The question that still and always haunts me is: who cares?

Who cares?

That’s what a narcissist once asked me after telling me that they don’t know me. I told them about me (unasked) and they replied:

Who cares?

It doesn’t matter!

It was years ago. Many many years ago, but it broke or activated something inside me.

And with every post, every tweet, every message that is not a reaction to a message, those two questions scream in my mind.

And man, it is a crippling thought. It prevents half of what I write to be seen or shared and it makes me delete many messages or tweets i want to write.

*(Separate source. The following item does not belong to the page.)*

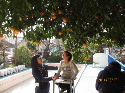 今日は少し日が射していました。友だちと遊んだり飼育のお手伝いをしたりしました。幼稚園に夏ミカンの木があります。今年は特にたくさん実りました。今日は一人一人収穫しました。「どれにしようかな」「どれも大きいね」とてもたくさんですね。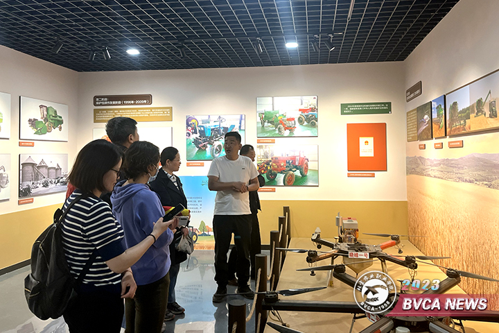 活動中,師生首先進入北京農耕文化體驗館進行參觀。農耕文化館詳細展示了農耕與二十四節氣的關系、農機具的演變和發展。師生詳細聆聽了講解員從原始農業的刀耕火種到現代農業生產工具演變、主要農機具在不同時期其基本原理與創新,以及現代農機、智能裝備對于農業生產重要性的講解,大家進一步認識到農機裝備在現代農業生產中的重要作用。

When those messages were sent to me, I was a different person and sometimes I wonder why they still matter years later.

They still matter because I gave and still give them the power to matter, but as much as I am trying, i cannot stop it.

Every time I push the button “publish” I wonder who cares, and in times when I over-post, the question is so much louder.

###

Depeche Mode – in your room. The clip was shot by the dutch photographer Anton Corbijn, who is one of my favourites (photographers) ever. And the song was a single from the album “songs of faith and devotion” (1993) it’s the first album I ever bought with my own money and I still adore it. I had the choice between “division bell” by Pink Floyd and the above. I decided with my heart and never regretted it. Also, the “division bell” is an awesome album that I bought years later on CD and someone also bought it for me on LP… It made its way from a record store in Wales to my doorstep in Luxembourg in 2021. 🙂

6 thoughts on “It haunts me

  1. It took a while before I was able to get the grasp of the “who cares” mentality. I still struggle with it both for my blog and in life as well, but honestly it’s a great way to limit the amount of stress in one’s life. And as long as I am ok with the consequences of what I am doing, and it sits well with my soul then I don’t really care anymore what other people think.